*GOAL OF THE EXERCISE*
Copy each line below exactly and leave the pictures out.

*SOURCE MATERIAL*
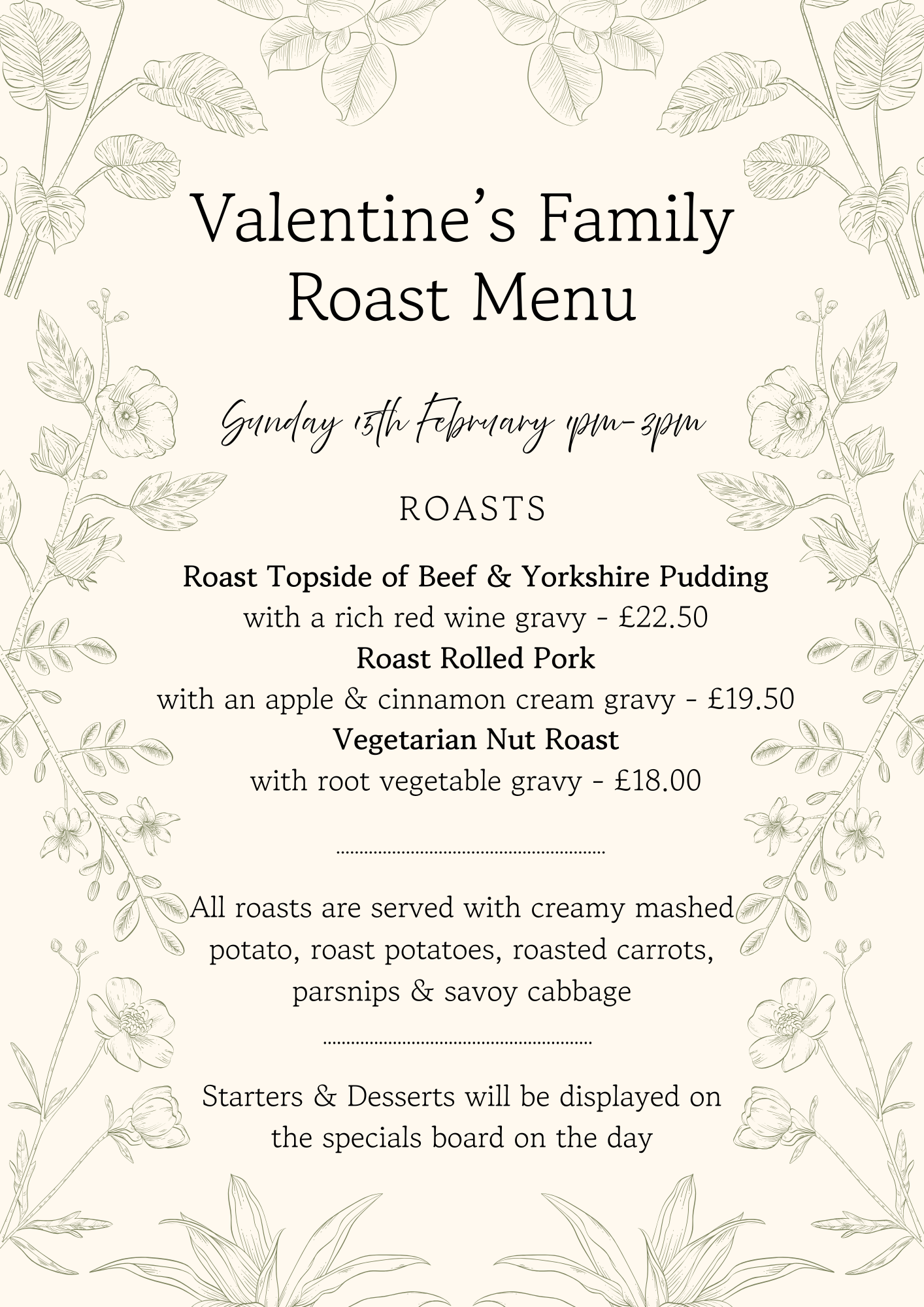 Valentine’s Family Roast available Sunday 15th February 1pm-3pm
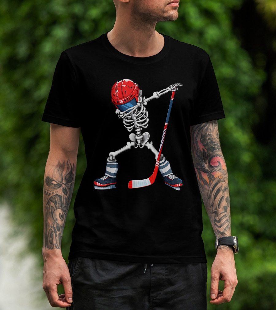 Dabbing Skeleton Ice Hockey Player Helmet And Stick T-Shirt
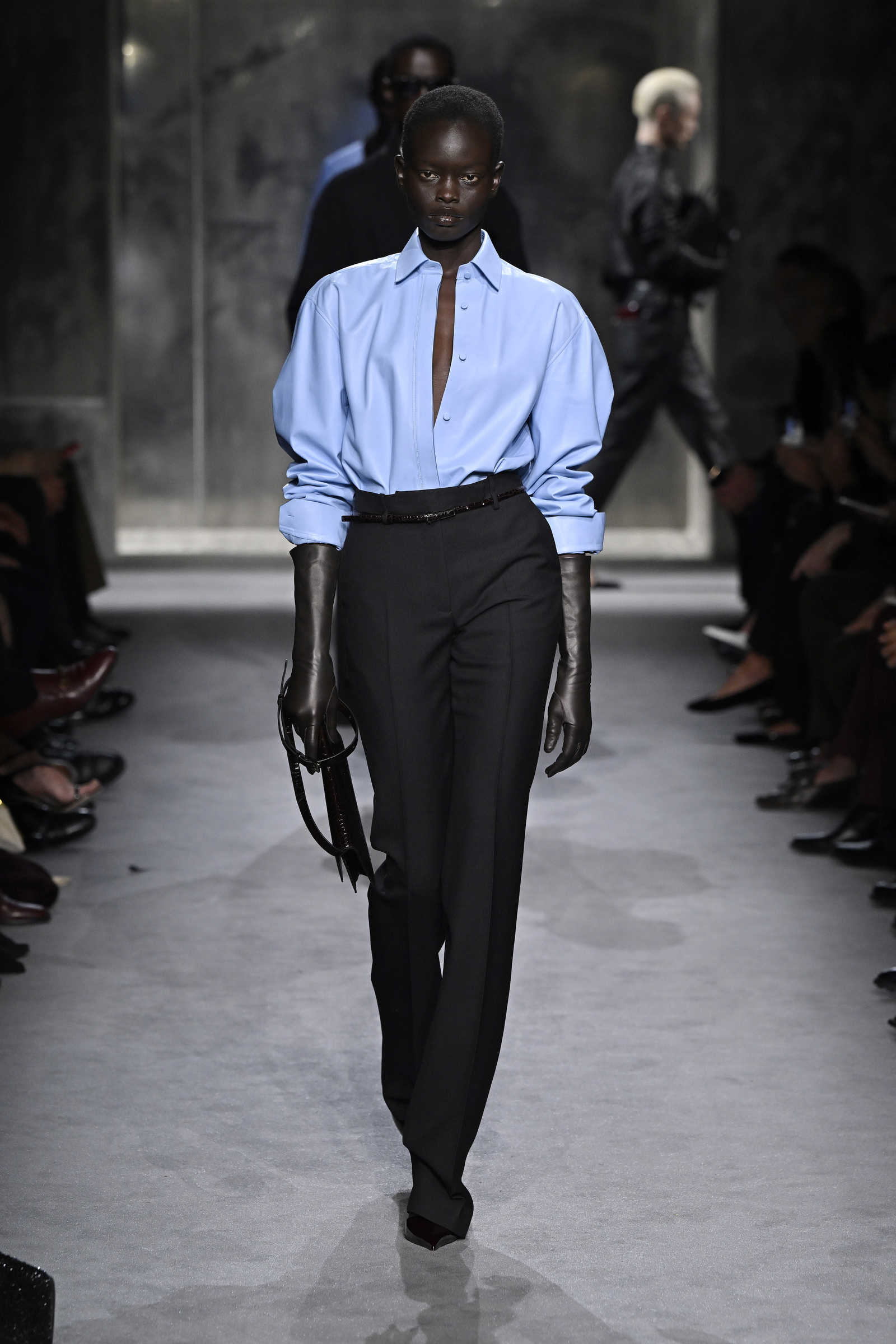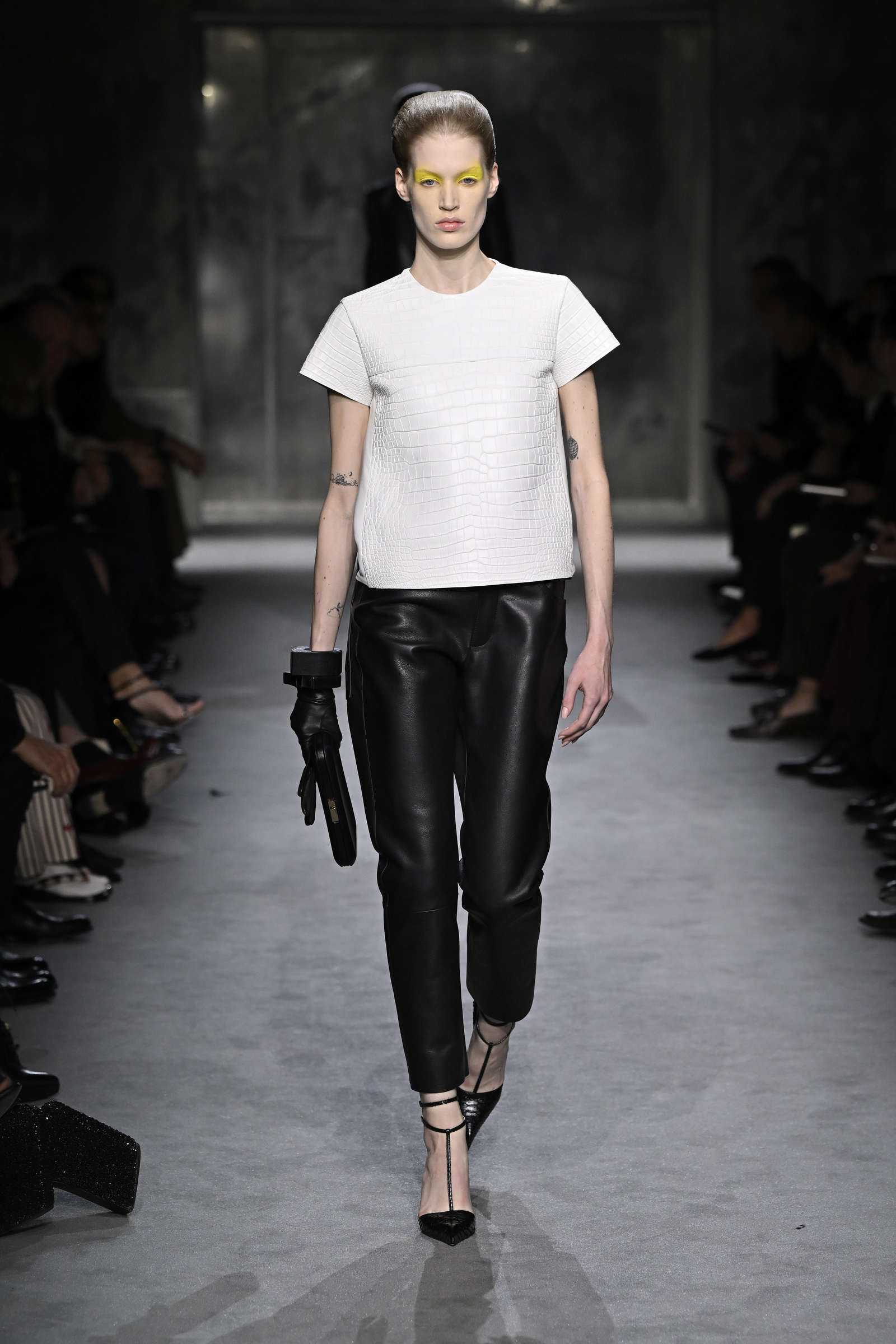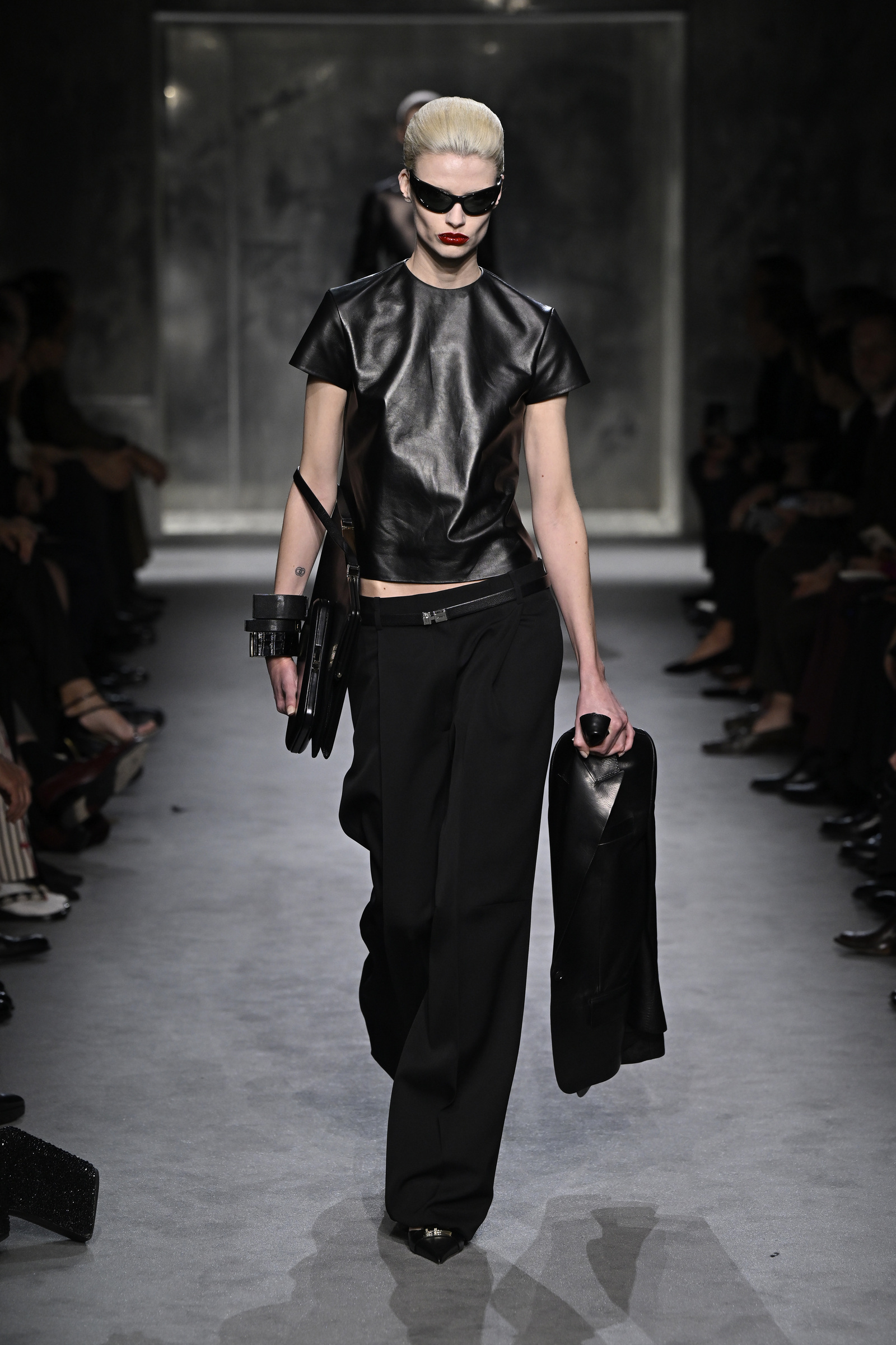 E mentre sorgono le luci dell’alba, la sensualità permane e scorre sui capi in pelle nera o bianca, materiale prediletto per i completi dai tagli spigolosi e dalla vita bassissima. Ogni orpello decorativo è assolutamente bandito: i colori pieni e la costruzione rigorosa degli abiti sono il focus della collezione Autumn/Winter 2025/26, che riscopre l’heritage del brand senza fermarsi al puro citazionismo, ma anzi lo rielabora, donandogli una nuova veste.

*RESULT FOR THIS TASK*
 Valentine’s Family Roast available Sunday 15th February 1pm-3pm
 Dabbing Skeleton Ice Hockey Player Helmet And Stick T-Shirt
 E mentre sorgono le luci dell’alba, la sensualità permane e scorre sui capi in pelle nera o bianca, materiale prediletto per i completi dai tagli spigolosi e dalla vita bassissima. Ogni orpello decorativo è assolutamente bandito: i colori pieni e la costruzione rigorosa degli abiti sono il focus della collezione Autumn/Winter 2025/26, che riscopre l’heritage del brand senza fermarsi al puro citazionismo, ma anzi lo rielabora, donandogli una nuova veste.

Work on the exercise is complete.